## BRIEF
Output the lines of the records from the one containing "Per donna Camicia" through the last, both ends included. Leave pictures out.
START STUDY MATERIAL
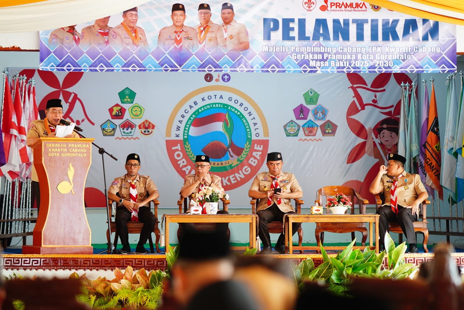 “Pelantikan ini bukan sekadar seremonial belaka, melainkan momentum untuk memantapkan organisasi serta membangkitkan kembali gairah kegiatan kepramukaan di Kota Gorontalo,” ujarnya. Ia menambahkan bahwa gerakan Pramuka memiliki peran strategis dalam menyiapkan generasi muda yang beriman, berakhlak mulia, disiplin, serta memiliki semangat kebersamaan dalam kehidupan bermasyarakat.
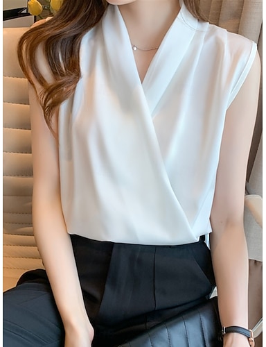 Per donna Camicia Blusa Top in chiffon Arricciato Semplice Attivo Elegante Senza Maniche Scollo a V Top Regolari Quotidiano Abbigliamento casual alla moda Ferie Rosa cipria Nero Bianco Champagne Verde
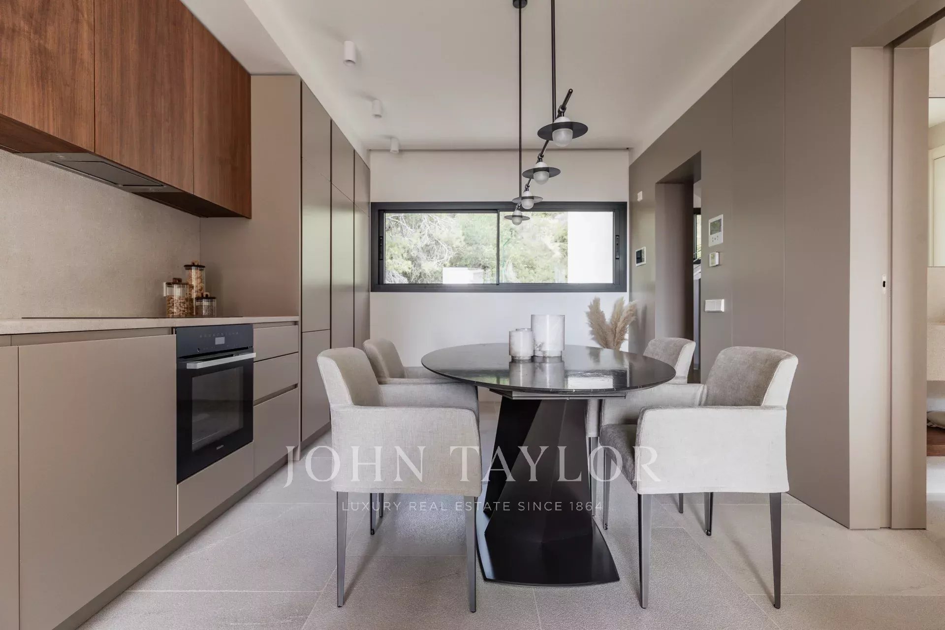 Entièrement meublé avec des pièces italiennes sur mesure de Barzaghi Salotti et Ethimo, chaque espace reflète un savoir-faire exceptionnel. Toutes les menuiseries - y compris les cuisines, les armoires et les salles de bains - ont été fabriquées à la main par des artisans majorquins, ce qui garantit la précision et la qualité de l'ensemble.
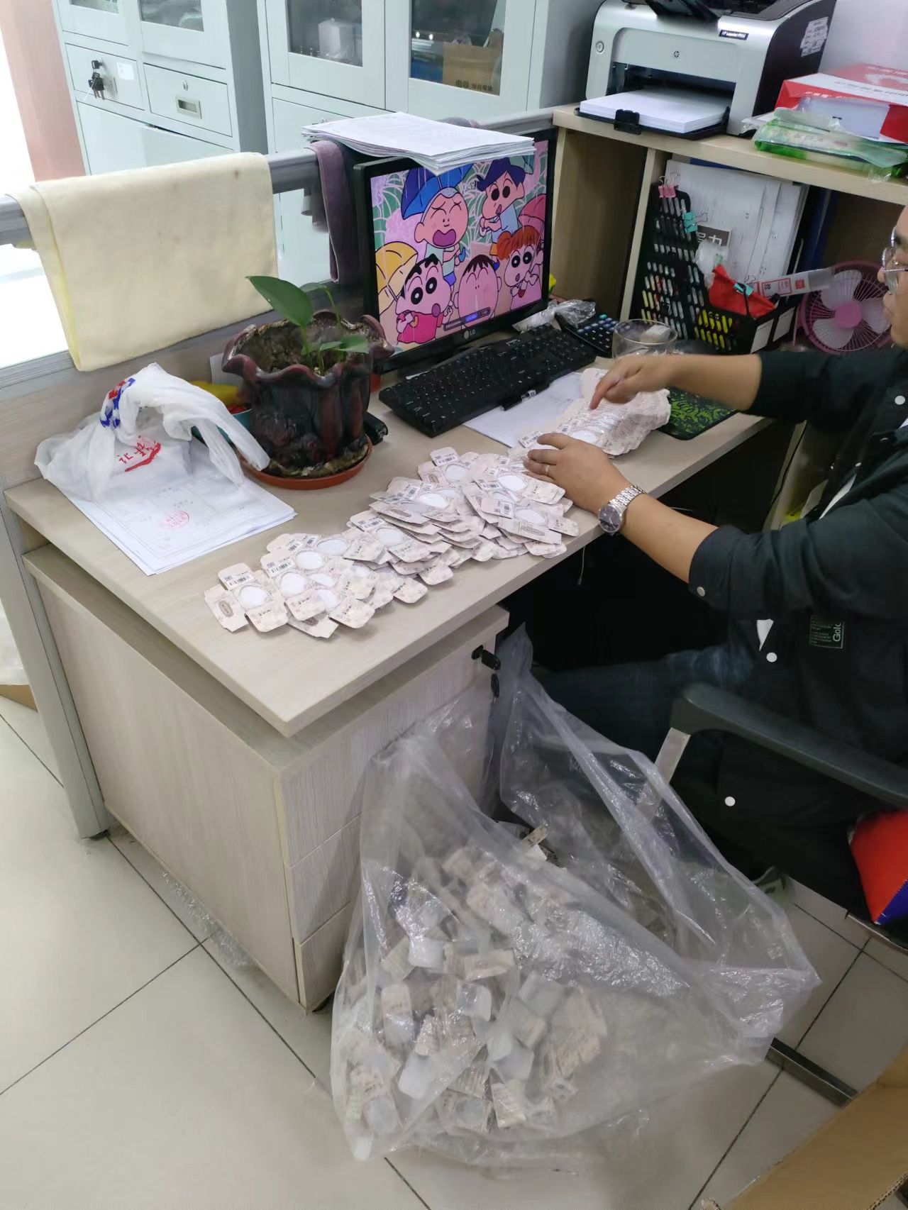 5月生産計劃1550萬,為(wèi)了保證銷售各部貨物充足,車間員工放棄午休時間跟周六休息日,加班加點趕生産。生産部辦公室人員,忙完手頭工作之餘,也在加緊做(zuò)些疊盒子(zǐ)的(de)工作。
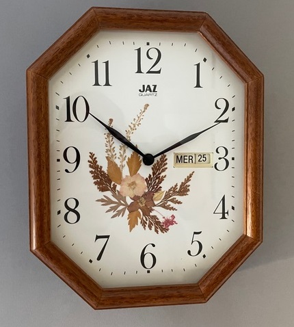 7227 ,horloge murale, gamme Jaz Quartz , à dateur jour et date , en bois forme octogonale , à décor floral de véritables fleurs peliprotégées -fleurs collées et protégées- ( le décor varie donc légèrement à chaque horloge ), chiffres romains , chemin de fer allégé à l’extérieur de la zone des chiffres , aiguilles feuilles noires, mouvement quartz à pile LR6. Format: 26,5 x 21,3 x 4,7 cm , nouveauté du catalogue 1993/94 page: 59 présente jusqu’en 1995 .
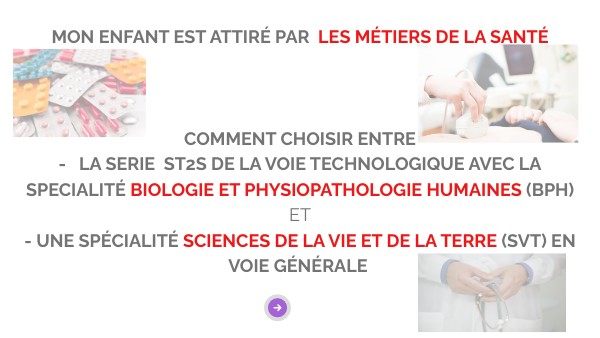 Mon enfant est attiré par les métiers de la santé Comment choisir entre - la serie ST2S de la voie technologique avec la specialité BIOLOGIE ET PHYSIOPATHOLOGIE HUMAINEs (BPH) ET - une spécialité SCIENCES DE LA VIE ET DE LA TERRE (SVT) en VOie générale
END STUDY MATERIAL
## PROBLEM SOLUTION
 Per donna Camicia Blusa Top in chiffon Arricciato Semplice Attivo Elegante Senza Maniche Scollo a V Top Regolari Quotidiano Abbigliamento casual alla moda Ferie Rosa cipria Nero Bianco Champagne Verde
 Entièrement meublé avec des pièces italiennes sur mesure de Barzaghi Salotti et Ethimo, chaque espace reflète un savoir-faire exceptionnel. Toutes les menuiseries - y compris les cuisines, les armoires et les salles de bains - ont été fabriquées à la main par des artisans majorquins, ce qui garantit la précision et la qualité de l'ensemble.
 5月生産計劃1550萬,為(wèi)了保證銷售各部貨物充足,車間員工放棄午休時間跟周六休息日,加班加點趕生産。生産部辦公室人員,忙完手頭工作之餘,也在加緊做(zuò)些疊盒子(zǐ)的(de)工作。
 7227 ,horloge murale, gamme Jaz Quartz , à dateur jour et date , en bois forme octogonale , à décor floral de véritables fleurs peliprotégées -fleurs collées et protégées- ( le décor varie donc légèrement à chaque horloge ), chiffres romains , chemin de fer allégé à l’extérieur de la zone des chiffres , aiguilles feuilles noires, mouvement quartz à pile LR6. Format: 26,5 x 21,3 x 4,7 cm , nouveauté du catalogue 1993/94 page: 59 présente jusqu’en 1995 .
 Mon enfant est attiré par les métiers de la santé Comment choisir entre - la serie ST2S de la voie technologique avec la specialité BIOLOGIE ET PHYSIOPATHOLOGIE HUMAINEs (BPH) ET - une spécialité SCIENCES DE LA VIE ET DE LA TERRE (SVT) en VOie générale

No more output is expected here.